Infrastructuring for the Long-Term: Ecological Information Management

- John Campbell (HBR)

Helena Karasti and Karen S. Baker, "Infrastructuring for the Long-Term: Ecological Information Management", in Proceedings of the 37th Hawaii International Conference on System Sciences, Big Island, Hawaii, January 5-8, 2004.

(http://csdl.computer.org/comp/proceedings/hicss/2004/2056/01/205610020cabs)

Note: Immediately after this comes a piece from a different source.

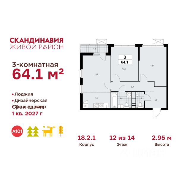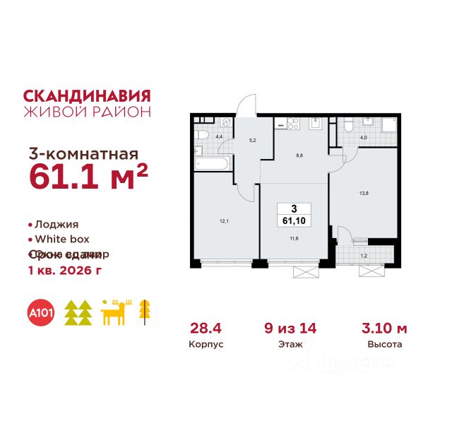 Продается трехкомнатная квартира 673 в новостройке Жилой район "Скандинавия" по адресу Москва, ТиНАО, Новомосковский АО, Сосенское С/П, Коммунарка пос., жилой комплекс Скандинавия, 28.4. Общая площадь квартиры - 61.10 кв. м., этаж 9 из 14, секция 8. Тип проекта, по которому построен дом - монолит, компания-застройщик - ООО "А101". Стоимость квартиры - 27372189 Р. ПРЕДЛОЖЕНИЯ ОТ ЗАСТРОЙЩИКА В ФЕВРАЛЕ 2026: Скидки до 10% на все квартиры. Только в офисах продаж до 28 февраля. Ипотека от 13,9 % для всех! На весь срок. "Семейная ипотека" вернулась. Ставка от 3,5 % на весь срок! Без удорожания! Выгодное ипотечное комбо: Ипотека от 2200 р./мес. и от 6 % после рождения ребёнка! Ипотека для всех "Держи пять!" - ставка 5 % на 2 года! *более подробную информацию по скидкам и акциям уточняйте в отделе продаж ЖК "Скандинавия" на границе Бутовского лесопарка (1610 га) - это баланс качественного жилья и сервисов, зелёных пространств для активного и созерцательного отдыха. Выразительная архитектура и цветовая гамма монолитных корпусов комфорт- и бизнес-класса (8-17 этажей) созвучны скандинавским мотивам, органично интегрированы в великолепный природный контекст. Огороженные дворы свободны от машин, в них продуманы места для отдыха и работы на свежем воздухе, озеленение, детские и спортивные площадки. Для прогулок, встреч и районных праздников - площадь Туве Янссон с "сухим" фонтаном, вековыми дубами и единственным в мире памятником писательнице; пешеходный променад 2 км; 3 крупных природных ручья; более 15 км велосипедных и прогулочных дорожек с арт-объектами. Инфраструктура района включает современные школы и детские сады, центр впечатлений, фитнес-клубы, развивающие и творческие центры, магазины, кафе, салоны красоты. На подземных этажах - паркинги и кладовые. Преимущества "Скандинавии": - ст. метро "Потапово" - 100 м от ближайших домов (открыта!) - удобные выезды на трассу Солнцево - Бутово - Варшавское шоссе и ул. Бачуринская - свои школы и детские сады - инфраструктура на первых этажах и рядом с домом - лесопарк, природные водоёмы, прогулочные маршруты

This paper emphasizes the critical role of information management in designing collaborative long-term ecological research. The LTER Network is used as a case study to examine information management within the context of large-scale scientific research. The authors' analyses draw largely from interviews with LTER scientists, information managers and others involved in the LTER program, using quotations and anecdotes to highlight points. A description of how information management provides support to science, data, and technology is provided. While information management is typically carried out behind the scenes, the authors make a convincing argument that it is a fundamentally important part of the infrastructure of collaborative research. This paper offers an inside look into the workings of information management within the LTER program and is a good read for information managers, scientists and others involved in long-term ecological research.